**What you will do**
For this exercise, retype the lines from the one that holds "Dieses stilvolle moderne" through the one that holds "Nevaeh Alyssa Bravo, 10;" in the records below, both included, exactly and without pictures.
Records for the exercise section start
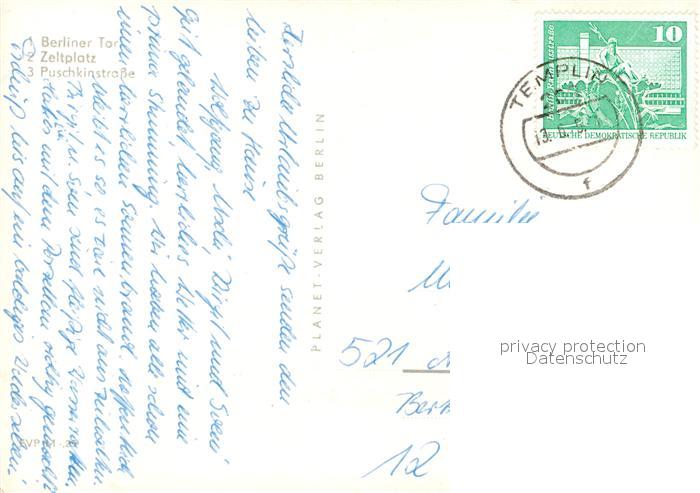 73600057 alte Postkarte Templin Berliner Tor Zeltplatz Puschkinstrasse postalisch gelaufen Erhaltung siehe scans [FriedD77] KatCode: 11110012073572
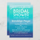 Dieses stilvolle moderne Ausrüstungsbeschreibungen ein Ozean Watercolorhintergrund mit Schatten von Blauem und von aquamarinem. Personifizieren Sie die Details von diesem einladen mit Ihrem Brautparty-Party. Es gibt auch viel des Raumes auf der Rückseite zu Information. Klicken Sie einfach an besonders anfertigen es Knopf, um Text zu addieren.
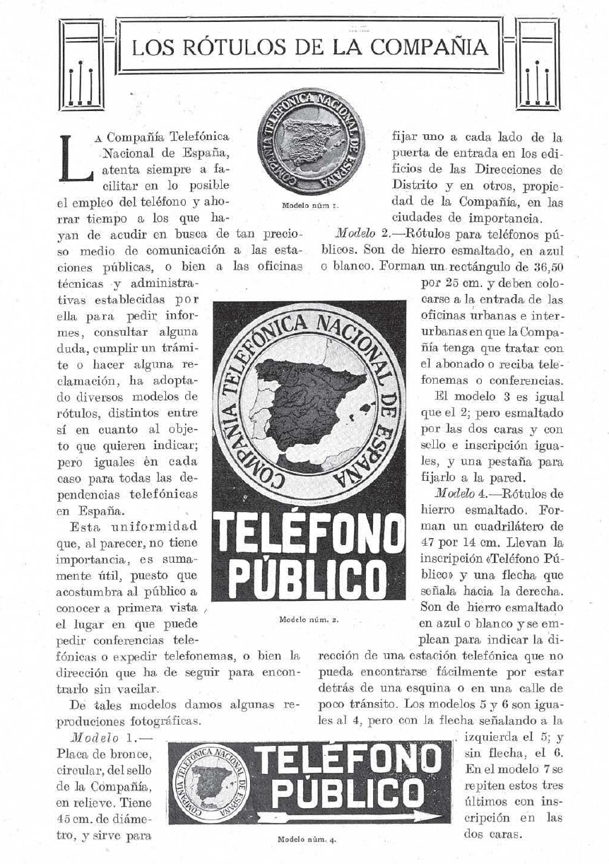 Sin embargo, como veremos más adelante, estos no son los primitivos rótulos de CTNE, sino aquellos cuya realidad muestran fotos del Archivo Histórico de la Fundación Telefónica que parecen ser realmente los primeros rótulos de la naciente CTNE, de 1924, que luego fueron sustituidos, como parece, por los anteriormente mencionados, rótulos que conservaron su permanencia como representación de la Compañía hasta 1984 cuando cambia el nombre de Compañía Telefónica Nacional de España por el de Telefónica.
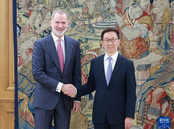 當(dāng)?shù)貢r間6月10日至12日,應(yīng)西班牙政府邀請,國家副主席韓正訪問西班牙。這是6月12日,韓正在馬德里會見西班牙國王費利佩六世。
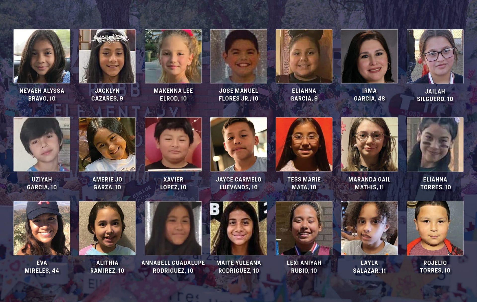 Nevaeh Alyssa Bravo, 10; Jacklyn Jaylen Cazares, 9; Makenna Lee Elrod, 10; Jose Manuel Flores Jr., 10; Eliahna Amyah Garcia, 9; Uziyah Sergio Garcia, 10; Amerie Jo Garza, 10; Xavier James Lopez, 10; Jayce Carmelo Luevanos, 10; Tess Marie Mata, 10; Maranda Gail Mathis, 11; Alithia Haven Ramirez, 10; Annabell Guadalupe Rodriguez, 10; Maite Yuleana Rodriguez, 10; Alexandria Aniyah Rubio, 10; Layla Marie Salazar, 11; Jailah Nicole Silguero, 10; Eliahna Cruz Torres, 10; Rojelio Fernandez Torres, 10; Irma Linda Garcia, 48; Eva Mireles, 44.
Records for the exercise section end
Records for the exercise section start
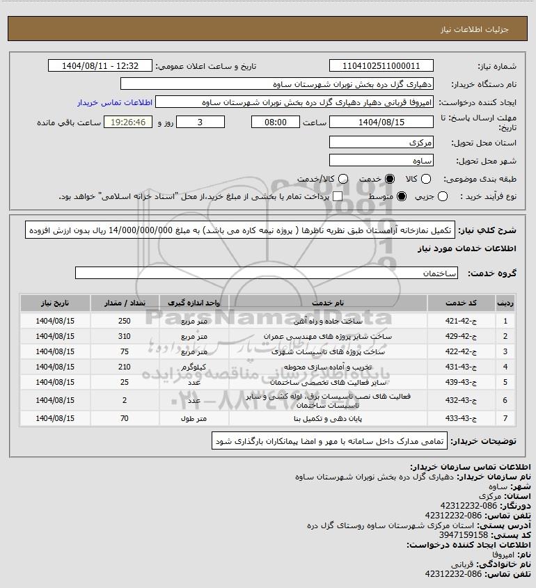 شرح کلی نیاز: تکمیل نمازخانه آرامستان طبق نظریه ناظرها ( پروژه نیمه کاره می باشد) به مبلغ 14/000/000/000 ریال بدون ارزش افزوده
Records for the exercise section end
**Solution**
 Dieses stilvolle moderne Ausrüstungsbeschreibungen ein Ozean Watercolorhintergrund mit Schatten von Blauem und von aquamarinem. Personifizieren Sie die Details von diesem einladen mit Ihrem Brautparty-Party. Es gibt auch viel des Raumes auf der Rückseite zu Information. Klicken Sie einfach an besonders anfertigen es Knopf, um Text zu addieren.
 Sin embargo, como veremos más adelante, estos no son los primitivos rótulos de CTNE, sino aquellos cuya realidad muestran fotos del Archivo Histórico de la Fundación Telefónica que parecen ser realmente los primeros rótulos de la naciente CTNE, de 1924, que luego fueron sustituidos, como parece, por los anteriormente mencionados, rótulos que conservaron su permanencia como representación de la Compañía hasta 1984 cuando cambia el nombre de Compañía Telefónica Nacional de España por el de Telefónica.
 當(dāng)?shù)貢r間6月10日至12日,應(yīng)西班牙政府邀請,國家副主席韓正訪問西班牙。這是6月12日,韓正在馬德里會見西班牙國王費利佩六世。
 Nevaeh Alyssa Bravo, 10; Jacklyn Jaylen Cazares, 9; Makenna Lee Elrod, 10; Jose Manuel Flores Jr., 10; Eliahna Amyah Garcia, 9; Uziyah Sergio Garcia, 10; Amerie Jo Garza, 10; Xavier James Lopez, 10; Jayce Carmelo Luevanos, 10; Tess Marie Mata, 10; Maranda Gail Mathis, 11; Alithia Haven Ramirez, 10; Annabell Guadalupe Rodriguez, 10; Maite Yuleana Rodriguez, 10; Alexandria Aniyah Rubio, 10; Layla Marie Salazar, 11; Jailah Nicole Silguero, 10; Eliahna Cruz Torres, 10; Rojelio Fernandez Torres, 10; Irma Linda Garcia, 48; Eva Mireles, 44.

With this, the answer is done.